Christopher Yeoh of IBM was next, and gave an excellent overview of the changes coming in v3 of the Nova API. The current v2 API was smartly designed by making only a precious few critical parts part of the core API, and making everything else an extension to this core. The problem is that some of the implementation details that seemed wise at the time are starting to show some cracks, both with consistency in naming and in the connection to the core Nova code. Nova v3 API addresses these problems by removing the requirement that extension name matches the class name, allowing for cleaner (and thus more consistent) extension naming. Extensions now must be derived from a common base class; this was optional in v2. Overall, it was apparent that the people working on the v3 API had learned the lessons that the v2 experience offered, both good and bad, and that as a result the v3 API will be much more consistent and robust.
After lunch Tim Serong gave a talk on the state of OpenStack development on OpenSUSE. They are doing some interesting stuff with Crowbar for deployment, and have spent a lot of time on their internal CI processes. I didn’t take very extensive notes, as this is an area that I have little experience and/or interest in, but it was obvious that Tim is passionate about this, and that they are doing some excellent work at OpenSUSE.
Next up was Robert Collins again, this time talking about testing, covering both improvements in the tools themselves (e.g., the testtools module), as well as his work in creating a test runner runner. No, that wasn’t a stutter – this is a script to run a test runner, such as Jenkins in this case. With the growth of projects in OpenStack, it can take a very long time to run the tests, which is done when a change is first proposed for review, and then again when it has been approved to ensure that no conflicts have creeped in while the change was in the review process. In order to speed this up, his test runner runner breaks the tests into several parallel processes, and then aggregates the results. This means that the time required to run all the tests can be reduced greatly, depending on the number of parallel processes. It also provides for test randomization, which can help reveal hidden test inter-dependencies.
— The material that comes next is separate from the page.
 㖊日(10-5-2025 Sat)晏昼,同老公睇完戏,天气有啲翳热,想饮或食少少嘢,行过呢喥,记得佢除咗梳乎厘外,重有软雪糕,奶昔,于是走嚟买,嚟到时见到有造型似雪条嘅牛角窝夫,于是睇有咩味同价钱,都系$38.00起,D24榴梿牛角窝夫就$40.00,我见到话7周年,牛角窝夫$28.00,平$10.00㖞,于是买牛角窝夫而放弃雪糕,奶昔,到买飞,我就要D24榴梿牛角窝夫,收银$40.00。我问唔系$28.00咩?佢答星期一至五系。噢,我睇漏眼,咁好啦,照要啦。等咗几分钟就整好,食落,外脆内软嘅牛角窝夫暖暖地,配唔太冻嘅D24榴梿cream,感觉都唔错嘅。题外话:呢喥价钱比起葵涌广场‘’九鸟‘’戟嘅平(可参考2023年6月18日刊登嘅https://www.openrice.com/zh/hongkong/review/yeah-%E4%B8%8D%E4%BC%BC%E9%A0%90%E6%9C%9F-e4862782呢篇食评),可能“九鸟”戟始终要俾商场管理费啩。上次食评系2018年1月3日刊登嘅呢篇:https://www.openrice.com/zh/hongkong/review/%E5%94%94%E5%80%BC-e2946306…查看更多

Next up was a talk on how to get involved in OpenStack development, which covered the basics of where you can find bugs to work on, or blueprints to contribute to, as well as the review process and Gerrit. Michael Still from Rackspace was supposed to give this talk, but the birth of his child was a bit more important, so Robert Collins stepped up and did the talk for him. This was more of a review session for me, but it had a lot of useful information for those who were new to OpenStack development.
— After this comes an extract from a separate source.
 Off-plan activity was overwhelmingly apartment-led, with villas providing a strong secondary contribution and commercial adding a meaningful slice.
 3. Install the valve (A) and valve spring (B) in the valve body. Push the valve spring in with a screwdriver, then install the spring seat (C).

That was the last talk; after that was the hackfest, which had the goal of getting participants to find a fairly simple bug, fix it, and submit it for review. In practice, though, most of the time was spent helping people get Devstack up and running on their machines. Those of us who were OpenStack ‘veterans’ helped where we could, and in the process I had some great discussions with people about OpenStack, so even though we never got to fix any bugs, I believe that the people there who were new to OpenStack got a lot out of that time.
Finally was the bar track! Many of the miniconf attendees, myself included, retired to one of the many bars here at Wrest Point, and enjoyed a cold beer after a long day of learning about OpenStack.